The Central Banks, led by the FED, embarked on a journey in order to stimulate demand by using the monetary policy route.

The FED and developed nations dropped interest rates to zero which failed to kick-start demand. They followed this up by huge ‘Quantitative Easing’ programs, in other words, by printing money out of thin air. Even this failed to accelerate the ‘cumulative demand’.

After six years of failure, attempting to generate demand, the Central Banks are experimenting with ‘negative interest rates policy’ (NIRP). Although NIRP has been in force in the Eurozone since 2014, it has not produced any noticeable positive results. Yet, the ECB President Mario Draghi continues to inflict negative rates into negative territory, in hopes of generating demand. Japan is another large global economy using the NIRP policy, however, the policy is resulting in the opposite effect. Japanese citizens are hoarding their cash and investing in gold, as a result of NIRP.

Why did all of this QE, ZIRP and NIRP fail to generate demand? The main reason, in regards to this question, is that the effects of the ‘easy monetary policy’ never trickled down to meet the needs of the working class people. I feel certain that you are most likely no better off in terms of obtaining credit as compared to that of a decade earlier. The banks are no longer willing to lend.

According to the World Economic Situation and Prospects 2016: In a United Nations report, the banks preferred to park their money with the FED and earn a risk-free interest rate return rather than lending it to the public. The Banks parked $1.6 trillion during the period from 2009 to 2015 as compared to an average of $200 billion during the preceding eight-year period of 2000 to 2008.

With the FED trying to raise interest rates, the banks will earn higher interest rates and are most certainly unlikely to begin lending, anytime soon.

According to the UN report, although the developed economies have maintained an ultra-low interest rate policy, the private investments in 5 of the 20 global economies have declined within the 2010 to 2015 period to lend as compared to the ‘pre-crisis era’ of 2007. The rate of growth, in those 17 economies, post the financial crisis was lower as compared to the ‘pre-crisis years’.

The U.N. report also points out that the growth rate in the developed economies has been halved, since the crisis. Even the employment numbers are discouraging; there are 12 million more unemployed people as compared to what existed in 2007.

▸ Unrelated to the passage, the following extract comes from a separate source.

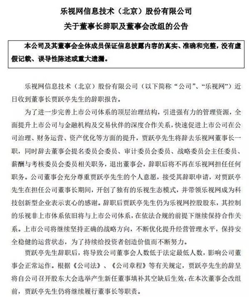 賈躍亭退出了在樂視網(wǎng)的任職,孫宏斌則將進(jìn)入董事會(huì)。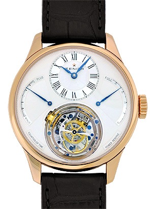 荒海の中でもメカニズムを大地に対して水平に保つ機構であり、ゼニスの歴史的名品でもある航海用のマリンクロノメーターに着想を得て作られたジャイロスコープ型の「ZERO-G トゥールビヨン」を搭載しています。

Inflation throughout the developed nations is languishing well below the comfort zone of the Central Bankers. Excess money in the economy, throughout the developed nations has been used by corporations and the wealthy in order to inflate ‘asset prices’.

Since the failure of the current ‘monetary easing programs’, a few experts have reverted back to the philosophy of the American economist Milton Friedman and his idea of ‘Helicopter money’, which is published in his paper, “The Optimum Quantity of Money” which was written in 1969.

Mr. Friedman wrote: “Let us suppose now that one day a helicopter flies over this community and drops an additional $1,000 in bills from the sky, which is, of course, hastily collected by members of the community. Let us suppose further that everyone is convinced that this is a unique event which will never be repeated.”

Interpreted, the basic idea is to directly provide the people with money which will, in turn, encourage them to spend rather than the current indirect method which has failed to reach the working class people.

This idea has found many supporters, including the former Federal Reserve Chairman Ben Bernanke as well as the Financial Times‘ Chief Commentator Martin Wolf.

However, once people start receiving ‘free money’, the problem is that they become dependent on it and this makes it virtually impossible to cease the drops. This becomes detrimental to the entire society.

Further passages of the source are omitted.